Голова медленно покачивалась в жидкости, словно огромная раковина на морских волнах, а мой наставник вытянул длиннющий тонкий палец, указывая на одно конкретное место.

– Вот, посмотрите, у самого основания черепа. Видите?

– Но чем была нанесена рана, сударь? – осторожно спросил я.

– Ее, наверное, нанес сам Сатана. Своими острыми когтями, – ответил наставник с присущим ему спокойствием, от которого холодела кровь в жилах.

Создавалось впечатление, что он демонстрирует элементарный принцип материальной дедукции аудитории университетских студентов, к которой и я имел честь принадлежать семью годами ранее…

Прошло почти три года со времени той беседы, и я решил взяться за перо. Я надеялся представить миру эффективный метод, каковым может воспользоваться любой судья, на которого возложена обязанность по раскрытию убийства. Короче говоря, я взялся за написание трактата, коему величайший из сыновей Восточной Пруссии уже подсказал весьма точное, хоть и несколько ироничное название.

Упомянутый благородный план был неожиданно прерван почти сразу же после нескольких первых строк сочинения. И дело не только в драматических поворотах истории. Открывшееся мне в ходе расследования погрузило мой разум и душу в бездонную пропасть такой сатанинской тьмы, что оказалось весьма нелегким делом отыскать из нее выход. И уж поверьте! Простак, писавший те строки, и человек, пишущий эти, – два настолько чуждых друг другу существа – несмотря на все свидетельства обратного, которые предоставляют мне здравый смысл и зеркало для бритья, – что порой я невольно задаюсь вопросом: а тот ли я человек, которым был когда-то? Увиденное мною в Кенигсберге будет преследовать меня весь остаток жизни…

Глава 1

Китобои, возвращавшиеся с промысла в арктических морях летом 1803 года, сообщали об Aurora Borealis [2]2
  Северное сияние.


[Закрыть]
невиданной доселе яркости. Несколькими годами ранее, к удовольствию всех представителей научного сообщества, профессор Уолластон описал явление полярной рефракции. Конечно же, это нисколько не уменьшило суеверный страх, который упомянутое явление природы вызывало и вызывает в невежественных обитателях Балтийского побережья. Все жители Лотингена, расположенного в восьми милях от берега – и ваш покорный слуга в том числе, – каждую ночь с благоговейным трепетом всматривались в темное небо. Увиденное не могло не ввести нас в заблуждение.

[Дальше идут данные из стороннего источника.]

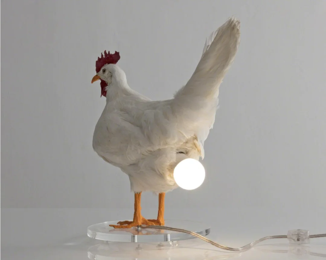 Den usædvanlige kyllingelampe med en æggepære blev designet og skabt af Sebastian Errazuriz i 2023. Sebastian Errazuriz er kendt for sine unikke kunstværker, hvor han bruger ægte udstoppede dyr. Hans andre bemærkelsesværdige kreationer omfatter et pindsvineskab og adskillige andre kreationer med en udstoppet kylling.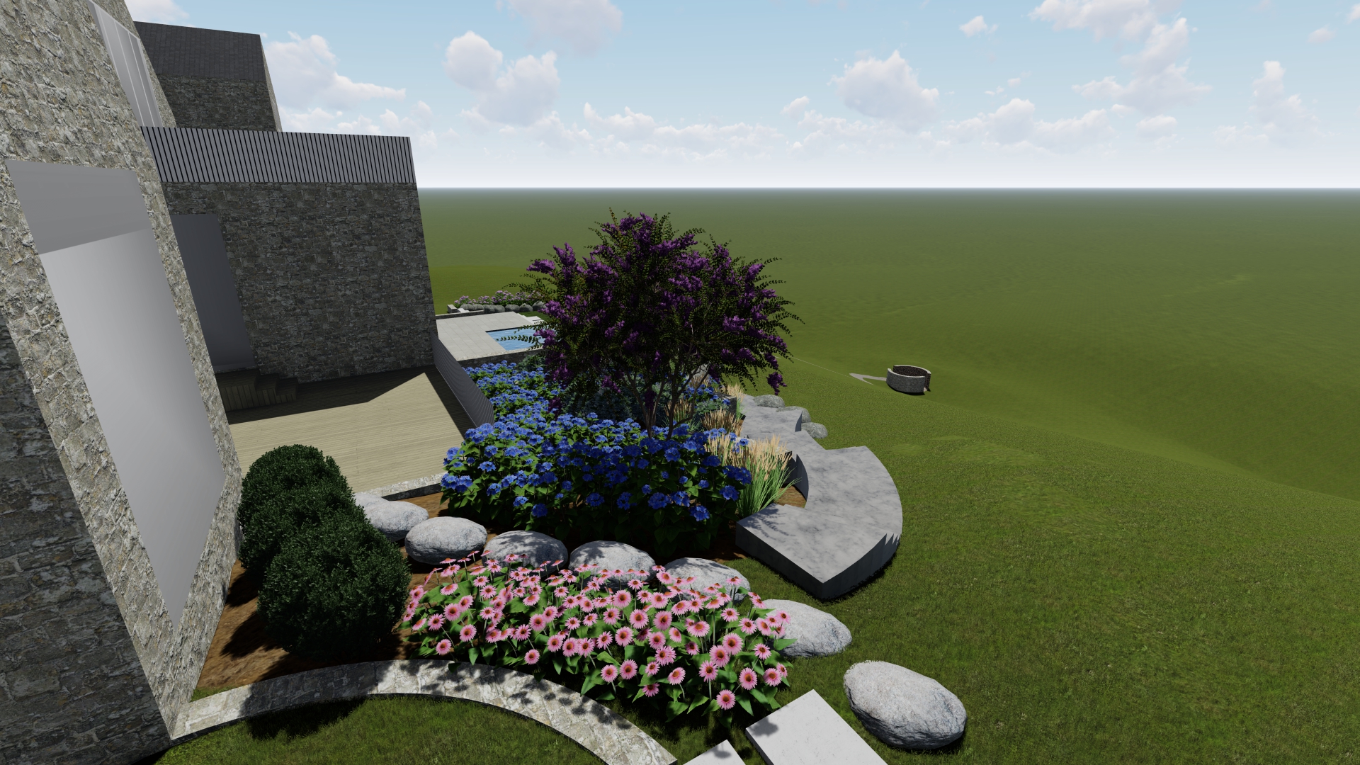 match the styles and materials of the previous renderings add trees in the background

Северное сияние сверкало подобно перламутровому вееру невероятной величины, поднесенному к полуденному солнцу. Маленькая Лотта Хаваарс, служившая у нас нянькой с момента рождения Иммануила, говорила, что ее соседи по деревне обратили внимание на странное поведение домашних животных. А осень принесла нам известия о появлении жутких растений и рождении уродов, столь отвратительных, что, казалось, попраны основные законы природы. Двухголовые поросята, телята с шестью ногами, репа величиной с тачку. «Предстоящая зима, – мрачно бормотала себе под нос Лотта, – будет такая, какой еще не видывало человечество».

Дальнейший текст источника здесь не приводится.